Google, Apple, Adobe & Sun can all install "additional" software that have nothing to do with the software package think you're installing. (i.e. toolbars, Bonjour, Safari & Chrome). These companies do not have to address security breaches in a timely fashion, nor even engage in an open dialogue with their customers. Google & Yahoo are selected as default selections on Apple products, but Microsoft must also have their competition's software available as defaults.

I prefer supporting a company with "higher" standards like Microsoft. Even when you're "wrong" you're "transparent" about it!

Blake Handler -Microsoft MVP

"The Road to Know Where"

re: Google Chrome and Silent Patching

Larry Seltzer — Mon, 11 May 2009 13:38:19 GMT

Let's talk a little more about installing executables in the user context. Presumably this is a bad idea because malicious software run in the user context also has permission to write there?

re: Google Chrome and Silent Patching

Hans Remmerswaal — Mon, 11 May 2009 16:06:18 GMT

An interesting discusion point, although I don't think that automatic updating an operating system (which you have to buy) can be compared with the automatic updating of a browser (which is for free)...

re: Google Chrome and Silent Patching

Larry Seltzer — Mon, 11 May 2009 16:52:28 GMT

You don't have to buy any operating system, and why would that make a difference anyway?

re: Google Chrome and Silent Patching

rhalbh — Mon, 11 May 2009 17:00:05 GMT

I do not see the difference either. It is more about silently installing stuff - for free or not for free does not matter at al (and by the way, if you have any Windows, all the versions of IE are available to you for free as well - does this mean silently updating IE would be fine for you?)

Roger

re: Google Chrome and Silent Patching

Emmanuel Mesas — Mon, 11 May 2009 20:00:53 GMT

To contribute to the post - here is another view of the industry (competition) about Microsoft pushing updates via Windows Update - not even being automatic !!

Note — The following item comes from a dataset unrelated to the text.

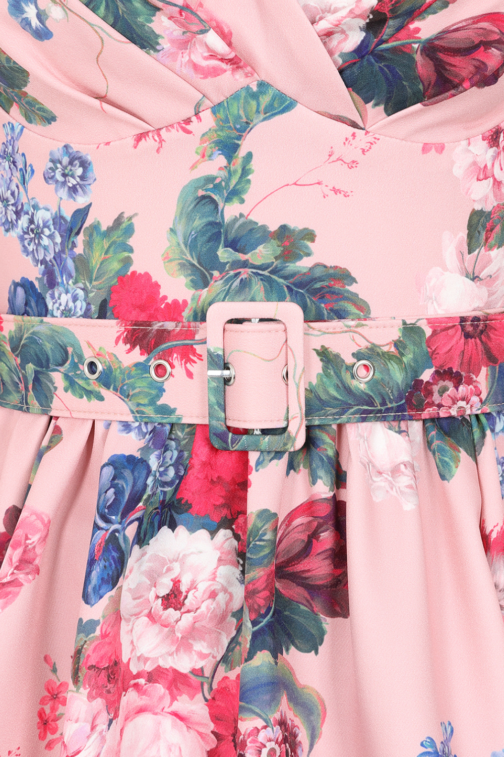 The sweetheart bodice is designed with supportive wide straps and gentle pleating, enhancing the natural silhouette with a touch of vintage allure. A matching waist belt cinches the figure for a flattering hourglass shape before the skirt opens into a full, graceful swing silhouette, offering the iconic movement and romance loved by Hearts & Roses London. Lightweight, flattering, and effortlessly pretty, the Rosabelle Bloom Swing Dress is perfect for garden parties, afternoon teas, and any occasion that calls for a touch of floral magic.

http://www.computerworld.com/action/article.do?command=viewArticleBasic&articleId=9132732&intsrc=news_ts_head

Google is not one of the claimers, but we knoe why ...

re: Google Chrome and Silent Patching

Peter van Dam — Tue, 12 May 2009 08:45:52 GMT

I always loved the automatic updating in Google Chrome and personally I would have loved the same experience in Windows.

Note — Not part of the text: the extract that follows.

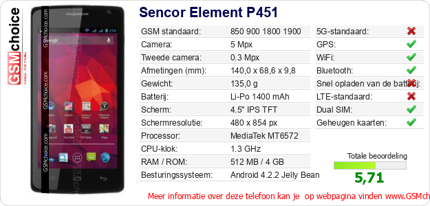 Gegevens van de telefoon Sencor Element P451 op jouw webpagina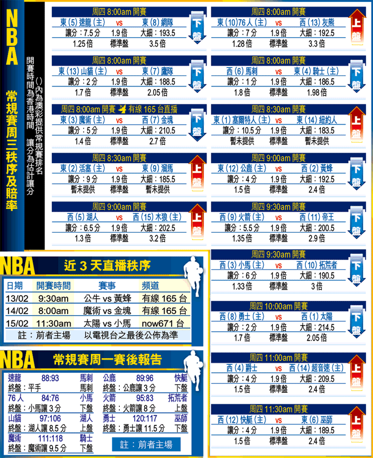 騎士「大帝」勒邦占士又發威,不過今次並非以「得分王」的風範協助騎士於周一取勝,而是將得分重任委於隊友,自己則充當「鎖匙人」角色,領軍作客以118:111力克魔術!

Not looking to those shouting people I think Google showed that automatic updating doesn't have to be as annoying as updating Windows.

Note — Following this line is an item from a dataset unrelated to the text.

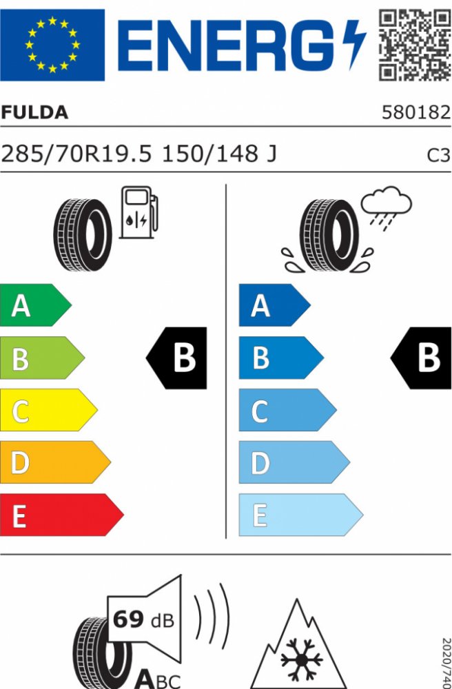 Fulda R19,5 285 70 150 J (100 km/h) celoroční 44.05 kg návěsová regionální B B A 531160

In Windows 7 you get a balloon tip (something that I guess was already promised to be not there, but in the action center) telling updates will be installed later today, and that the pc might need to be reinstalled.

The first notice...

So I noticed it this morning, and I want to be secure, so I visit Windows Update to update my machine. I see security updates, I see optional updates, but to install them both, I need to perform loads of steps. (open optional updates, check them. Press ok, then click install)... However, it installs pretty quick, nothing wrong with that...

But wait, my system needs to be rebooted after installing some browser updates *cough IE *cough. However, I don't want to. I just started all my things, I don't want to do that again, so I hit close.

... next thing what happends is an EXTREMELY annoying popup taking your focus asking if you would like to reboot. If i'm lucky and didn't hit the spacebar by then, my system doesn't reboot.

Ok, now have a look at choice... Can I turn off those annoying popups??? NO! Just 10 minutes, one hour and four hours... I don't want to be bothered, I reboot my machine when I move to home...

... So I just set it to 4 hours, its the longest time without popups....

And as you might guess, 4 hours later, I was just writing a nice message in word, didn't save the file yet, and BANG, the system reboots. Did it ask for a reboot? Yes! Did I want a reboot. NO! What seemed, that annoying popup already took focus before it was shown, and I was already pressing the spacebar or enter in my word document.

Then, if I'm really lucky, I can save or restore my word document in time....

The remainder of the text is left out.